The Checkerboard Ultrarocket floated off of the forest floor like a bubble rising gently on the wind.  A few feet above Ootel’s head, Annie tilted her vessel and looked out of the still-open door.  With a lopsided grin, she shouted, “See?  It works!”

Ootel was grinning too, and Yand was hopping all over the place, gallumphing and hiccoughing like a dog that doesn’t want one of its people to leave.

“I’ll be back soon!” Annie called out, but then she had to pull the door shut, sealing the cockpit.  She had to get home.
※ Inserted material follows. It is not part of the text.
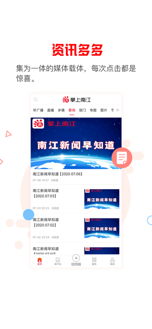 掌上南江最新版是一款专注南江当地新闻资讯app,实时更新最新的南江新闻和热点头条,精选推荐,支持看电视、听广播、看直播视频,图文结合,自由浏览阅读,掌握身边大小事,还提供丰富的便民服务,政务生活等你体验,使用方便!

As the Checkerboard Ultrarocket rose through the air, the blue sunset light filtering through the trees flickered brightly.  Annie kept picturing how the rocket must look from the outside to Ootel watching, standing on the ground, rooted on one planet, never having traveled through the breadth and darkness and scattered diamond-light of space.  Annie had felt like a child, impetuous and abandoned by her best friend, when she’d arrived on this world.  Without a captain, she’d felt unfit to fly her spaceship to other worlds.
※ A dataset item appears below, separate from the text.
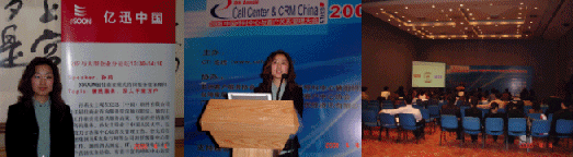 一年一度的中國(guó)呼叫中心與客戶(hù)關(guān)系管理大會(huì)于2006年4月3日在北京國(guó)際會(huì)議中心隆重開(kāi)幕,并與4月5日?qǐng)A滿(mǎn)閉幕。今年大會(huì)主題為:新時(shí)期的呼叫中心及CRM,成就與挑戰(zhàn)。此次活動(dòng)吸引了與呼叫中心相關(guān)的各界人士的光臨,共計(jì)1000多人與會(huì),活動(dòng)連續(xù)三天。億迅(中國(guó))軟件有限公司(eSOON)作為呼叫中心及CRM業(yè)優(yōu)秀的開(kāi)發(fā)商和集成商,在本次大會(huì)上以特別贊助商的身份閃亮登場(chǎng),給大家留下了深刻的印象,并為大家?guī)?lái)呼叫中心及CRM領(lǐng)域最新的趨勢(shì)分析及最佳的解決方案。

Above the tree line, Annie pushed down on the throttle, and the Checkerboard Ultrarocket zoomed off into the sky, flying towards the shining blue sunlight.  The swaying forest below dwindled down to nothing but a golden crack in the surface of a pale green sphere.  To Ootel standing among the trees, she’d look like a shooting star by now, lost above the branches of the trees.

Picturing herself through Ootel’s eyes, Annie felt brilliant and competent.  A worthy commander of a spaceship she’d built herself.  She wasn’t just Annie, a sad girl running away from a birthday party because she didn’t like the pizza her best friend had chosen and felt excluded by the other older kids.

She was Commander Annie, exploring the universe and making first contact with alien civilizations.